A cena toda começa tendo eu de fundo, observando. Minha participação consistia numa observação, à qual eu me entregava com dedicação, tentando entender, inclusive, os motivos que me faziam continuar lá, e não desistir daquela porcaria.
Sim, afinal não me dava prazer algum persistir naquilo. A poucos metros de mim, eles dois se beijando; ela revirando os olhos e cravando as unhas nas costas dele que, à vontade, passeava com as mãos no corpo dela. Estavam um pouco bêbados. Mas nada que justificasse o fato de, por exemplo, terem se entregado um ao outro somente porque, bêbados, não tinham consciência do que faziam. Era algo além do efeito do álcool que os havia unido daquela forma selvagem.
Até que resolvi ensaiar uma saída. Ela percebeu, pois foi bem na hora em que abriu os olhos para conferir a hora em seu celular. Fez sinal para que eu esperasse, o que respondi, também com sinais, indicando que negativo, não poderia esperar. Ela então se despediu do rapaz, com um selinho, e deu-lhe seu copo cheio de vodka com guaraná. E veio até minha direção, sorrindo e descabelada. Satisfeita e suada. Como se tivesse morrido após uma vitória num combate e ganhasse a oportunidade de deus de viver novamente.
Eu, na minha condição de mero mortal, estava razoavelmente anestesiado. Sentindo-me bem, mas incomodado com a qualidade da bebida que estava segurando. Reclamei um pouco, dizendo que nunca mais haveria de retornar a ingerir coisa tão ruim assim novamente. Percebi, então, que dentro do copo, misturados ao gelo e à vodka, boiavam inúmeras partículas que logo puderam ser identificadas como restos de fumo. De algum jeito, uma bituca de cigarro veio parar no meu copo. O odor de nicotina, pensei o tempo todo, era do ambiente, ocupado em sua maioria por fumantes novatos, que mal sabiam como tragar. Foi então que ela deu uma gargalhada daquelas. Fiquei furioso; disse que podia morrer! Afinal, eu praticamente tinha comido aquela merda.

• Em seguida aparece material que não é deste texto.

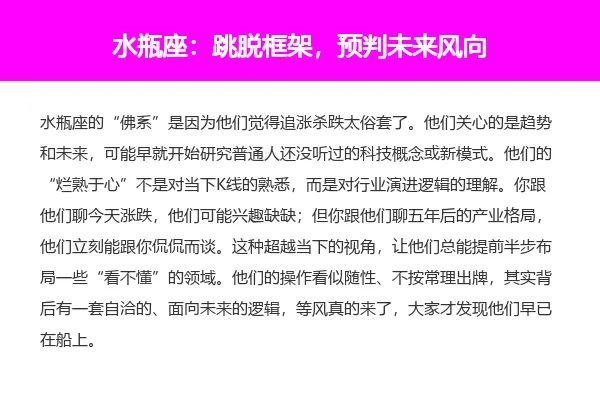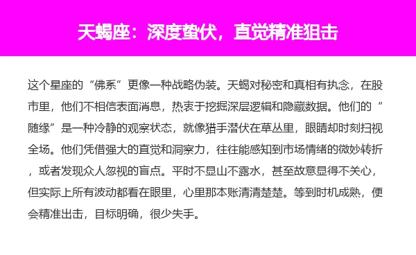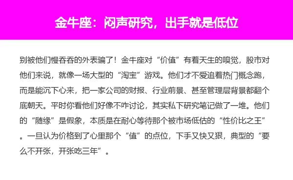 哎,你说这事儿怪不怪,平时聊起股票基金,总有几个朋友摆摆手,一脸“随缘吧,涨跌都是命”的佛系表情。可你真跟他们深聊下去,好家伙,大盘走势、板块轮动、技术指标,人家门儿清,心里跟明镜似的。这种“表面躺平,内心门清”的反差感,在星座圈里尤其明显。今天咱就唠唠,哪三大星座最擅长玩这套“低调的华丽”,看似不争不抢,其实早就把行情嚼得稀烂,就等机会下手了。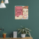Affiche illustrant l'illustration vintage des années 1950 d'une femme tenant un panneau. Customisez-le avec votre propre texte et couleur arrière - plan en appuyant sur le bouton personnaliser. Cool rétro !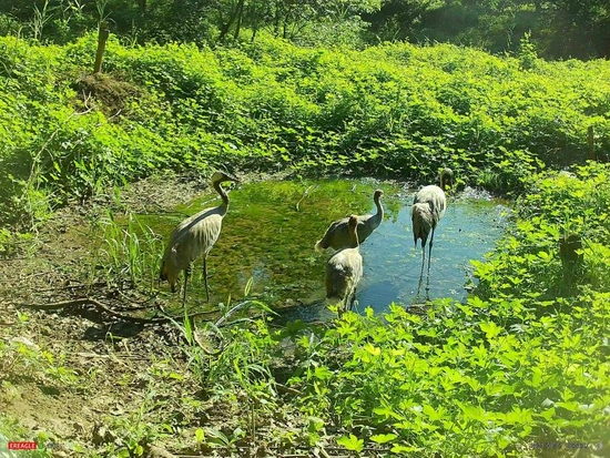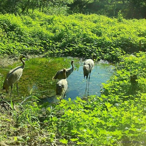 在南海子公园麋鹿苑成功自然孵化的2只灰鹤幼雏,吃着小虫等高蛋白食物正在健康长大,腿比原来粗了,个头儿也长高了,翅膀开始长羽毛,2只灰鹤幼雏在满月时便能跟着爸爸妈妈外出看世界;满60天时,两只小鹤长得更大,羽毛更加丰满,不但吃高蛋白的小虫,也能吃果实、粮食,个头儿快跟爸爸妈妈一般高了,喜欢洗澡、梳理羽毛,非常漂亮。
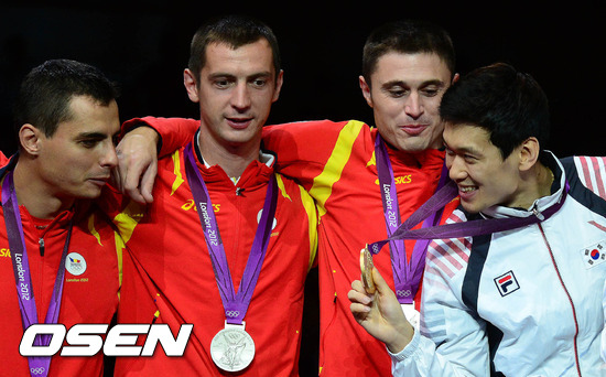 구본길(세계랭킹 4위) 원우영(8위) 김정환(11위) 후보 오은석(40위)으로 구성된 남자 사브르 대표팀(세계랭킹 5위)은 4일(이하 한국시간) 새벽 영국 런던 엑셀 경기장에서 열린 2012 런던올림픽 남자 사브르 단체전 결승전서 루마니아에 45-26으로 승리를 거뒀다. / jpnews@osen.co.kr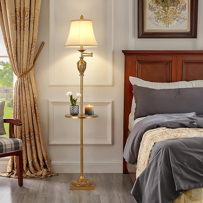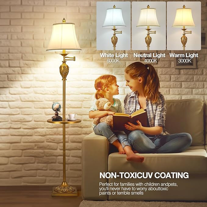 - TABLE AND ELEGANT LAMPSHADE-- We upgraded the Lamps,The middle part of the floor lamp has added a tray for you to place your belongings, or put a cup of coffee in the leisure time is also good. The lampshade is made from durable faux silk fabric, which makes the light soft, eye friendly and is easy to clean.
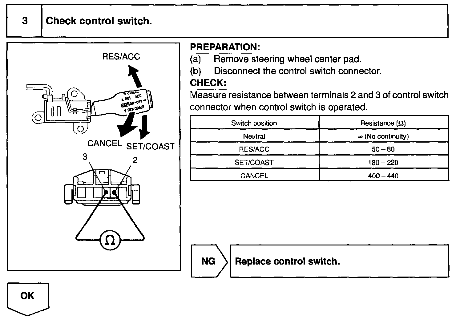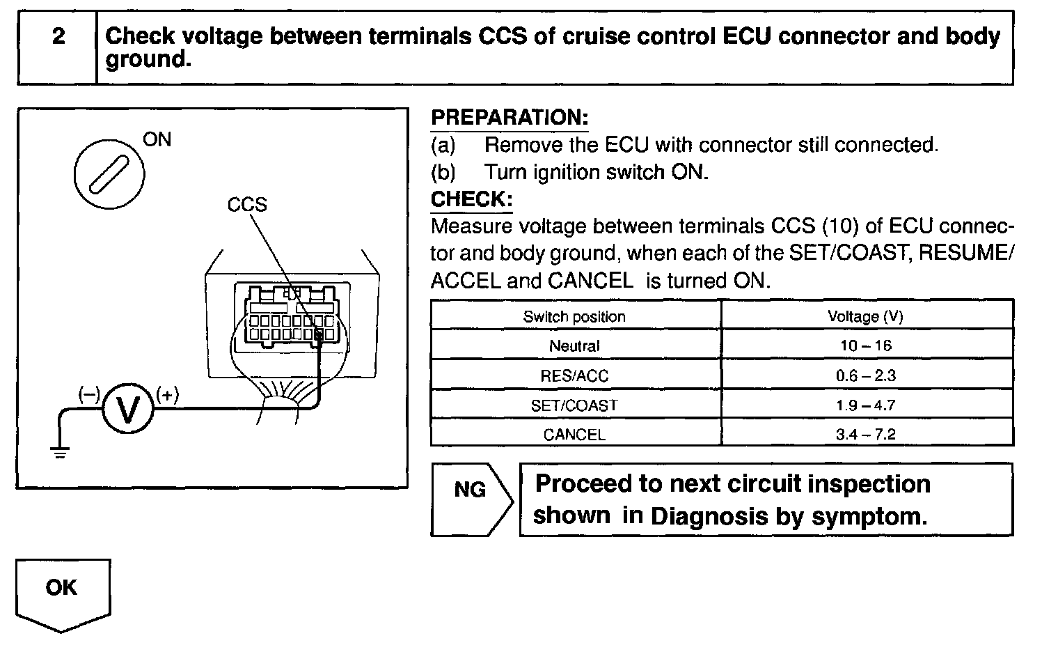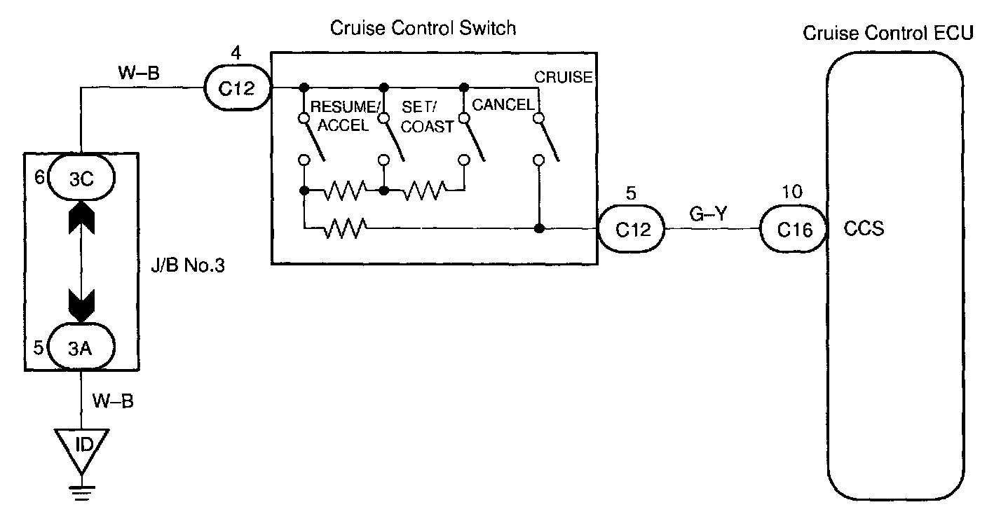 This circuit carries the SET/COAST, RESUME/ACCEL and CANCEL signals (each voltage) to the ECU.

Minha condição de babaca sempre havia sido o elo que me unia a ela. Eu não sabia o que a fizera se grudar naquele cara, mas sabia bem o que a fazia depender de mim. Coisas como não perceber uma bituca de cigarro na bebida e, por isso, querer reclamar com o barman que o drink estava um lixo, faziam com que eu fosse para ela um personagem de algum romance. O Bruno, aquele que bebe vodka com gelo e um Malrboro dentro; que, não percebendo nada, continua bebendo aquela droga e, de nariz empinado, vai até o balcão e faz um diagnóstico desfavorável sobre a qualidade do que está bebendo.
No caminho até o estacionamento, ela tenta se lembrar o nome do cara que pegou há pouco. Diego, Cauê? Ricardo, ou será Pablo? Diz não se importar, afinal tinha sido bom. Eu não abria a minha boca, inicialmente porque estava muito ocupado retirando dela aquelas substâncias tóxicas que não desgrudavam de meus lábios. Depois, não abria a boca porque não queria mesmo. Ela, ao contrário, falava, falava e falava.
Quando avistei meu carro, quis ter certeza de que ela tinha condições de voltar dirigindo sozinha. Ela disse “e você! Bebeu também, pô! Não pode dirigir”. Expliquei que graças ao filtro do cigarro que estava mergulhado na vodka, boa parte havia sido absorvida, não sendo por mim ingerida. Ela riu e se despediu, com o abraço de sempre.
Voltei para casa, pensando na situação engraçada da noite. Mas depois, uma triste interpretação me fez reavaliar o fato. Durante toda a noite, o único sabor, ao qual minha boca se entregou, foi o de um cigarro que sequer pude fumar.